As for my enclosed story, I do hope that you will find it illuminating, at least of my own conversion. The differences between you and me are, I know, inescapable. I yet sincerely hope that you will find, overall, and despite our differences, a description of conversion that confirms the most essential points of Christianity shared not just by us two but by all those who proclaim Christ as our Savior and the Son of God.

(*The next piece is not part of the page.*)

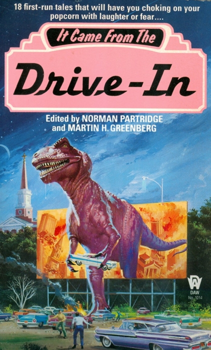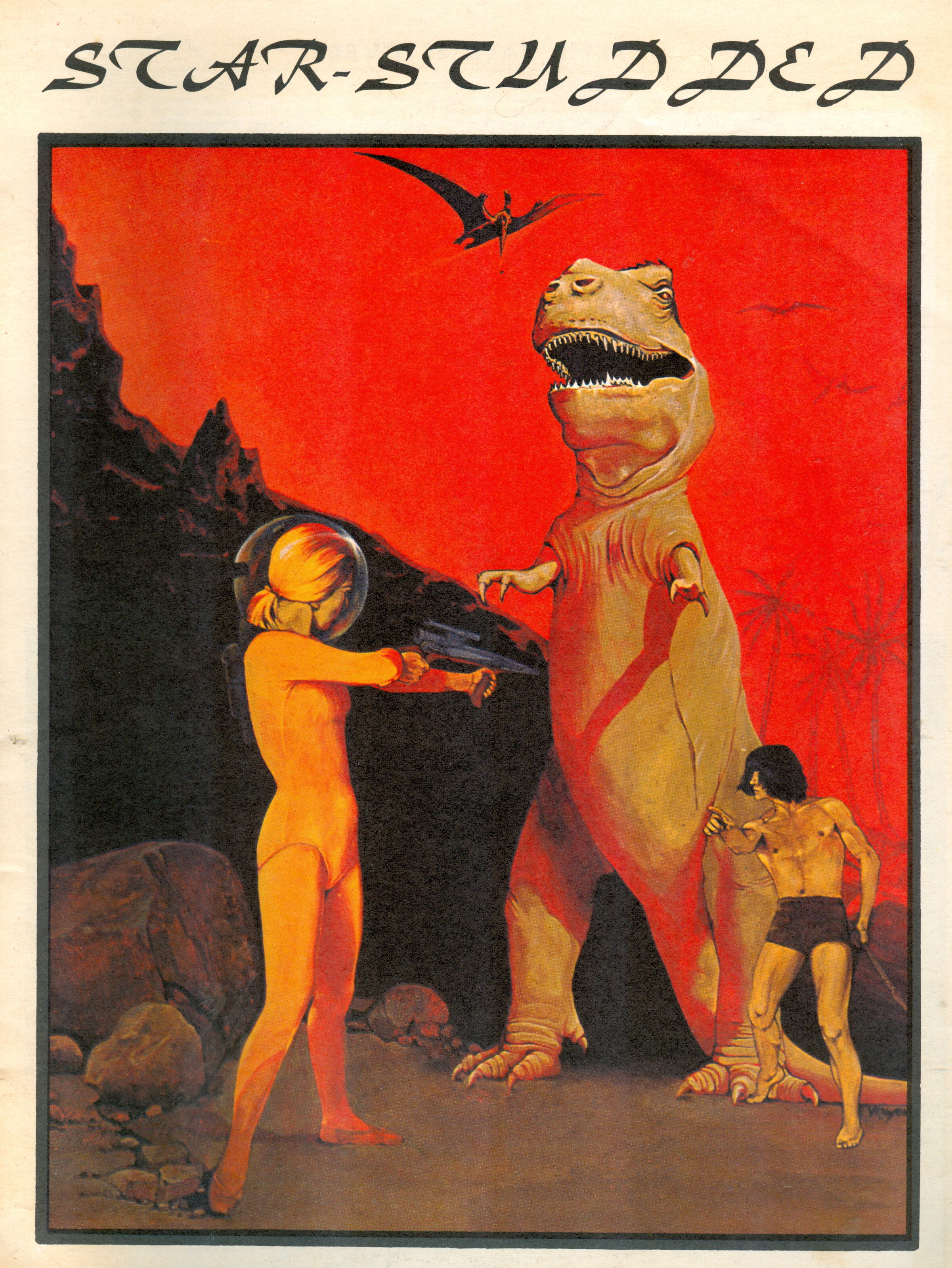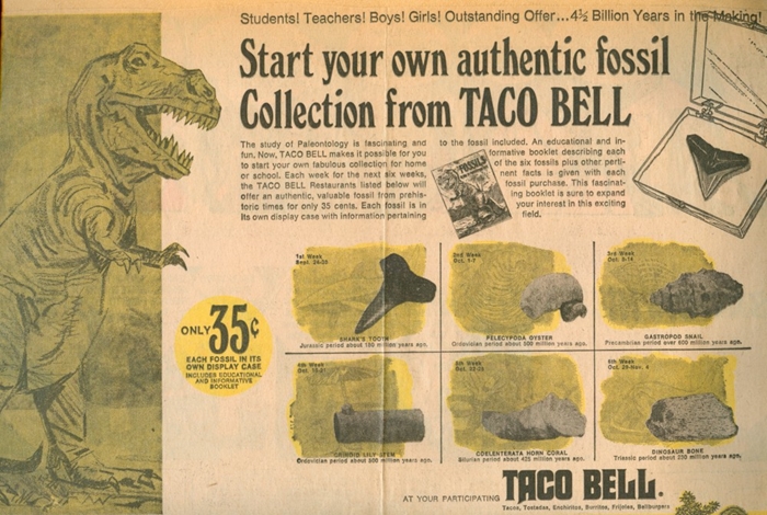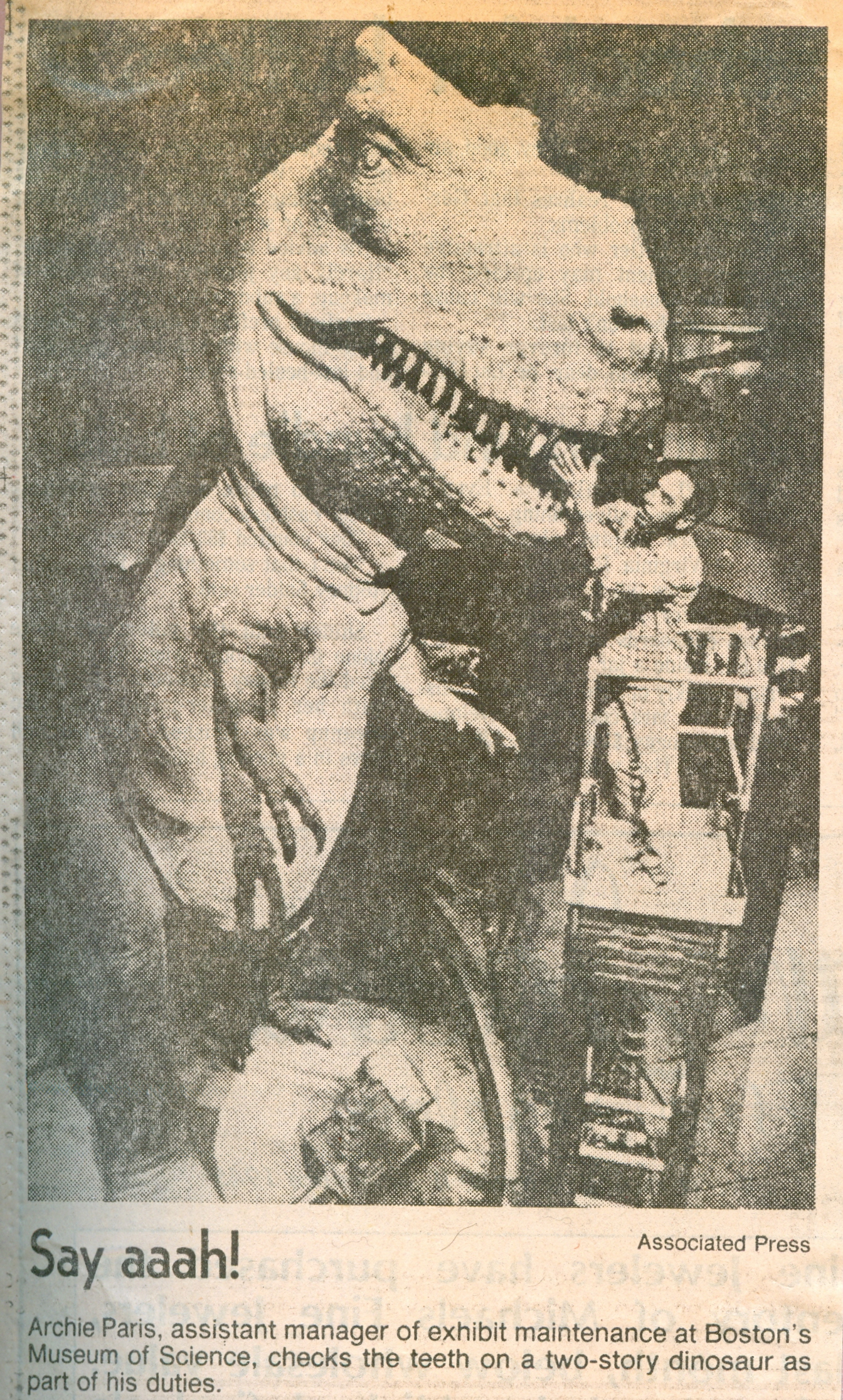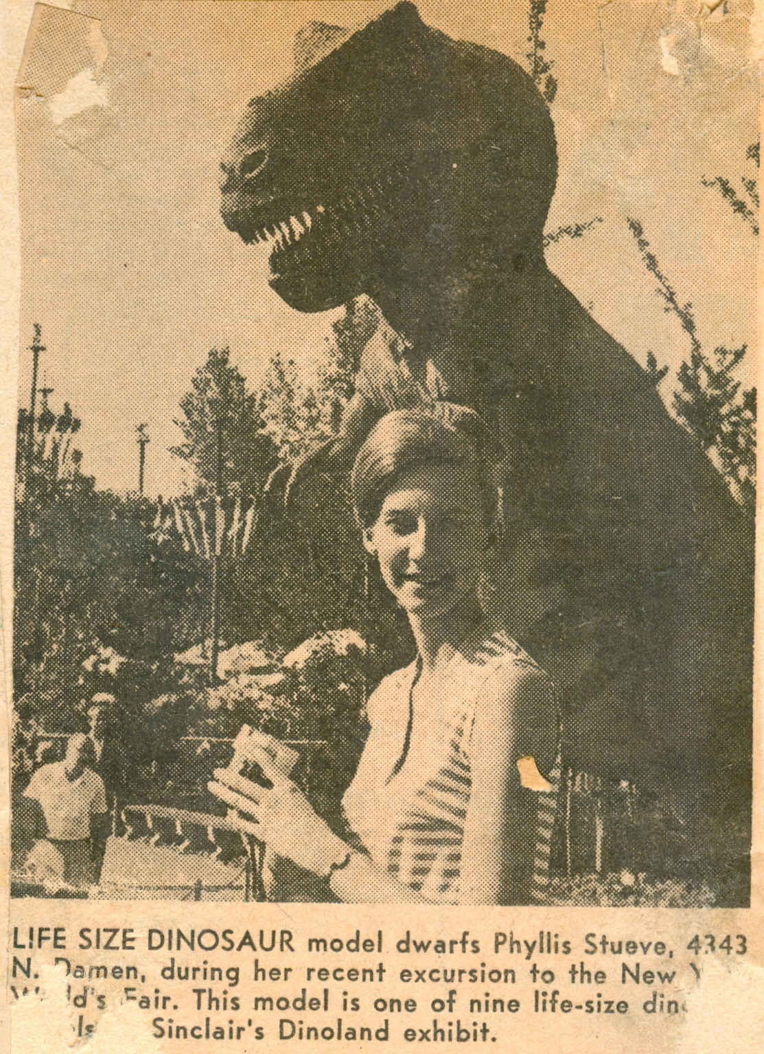 For a number of years, the original Jonas Studios Tyrannosaurus continued to appear, in one form or another (often as the basis for a new depiction), as collectible book, booklet, magazine and newspaper illustrations, comic-book art, postcards, advertisements, etc., also (directly below, from left to right) as a hollow “blow molder” injected-plastic figure sold in “Mold-a-Rama” vending machines, a wax candle and a green plastic toy (all along with others based on the Jonas dinosaur models).

As I close this letter, I cannot help but recall something of our first meeting. You explained then an idea that has hit home in these recent years—that we most first consider the existence of God before we ponder his character. I see now that you were right, but I have to say, only partially. I, at least, am constantly realizing the existence of God, again and again, as though a body in orbit around His reality: constantly falling toward him though never fully realizing the completion of his existence. The more I fall, the more I learn; the more I learn, the heavier I become, and thus the more I fall. Over and over again, round and round. But I can never be completely commensurate with it, because he does not call us to it—only to worship, to love, and to relate to him. . . . And to one another. It is in that spirit of relation and brotherhood that I write to you now.

With my deepest sincerity I write as your brother—and I hope now your friend—in Christ our Savior,

(Jack) C.S. Lewis 1 January 1933 Oxford

P.S. I do hope you will consider this letter a standing invitation to visit me, at which time I will be very pleased to make recompense for the discourteous treatment I gave you upon our last encounter. CSL

19 C.S. Lewis, The Pilgrim’s Regress, bk. 9, ch. 4.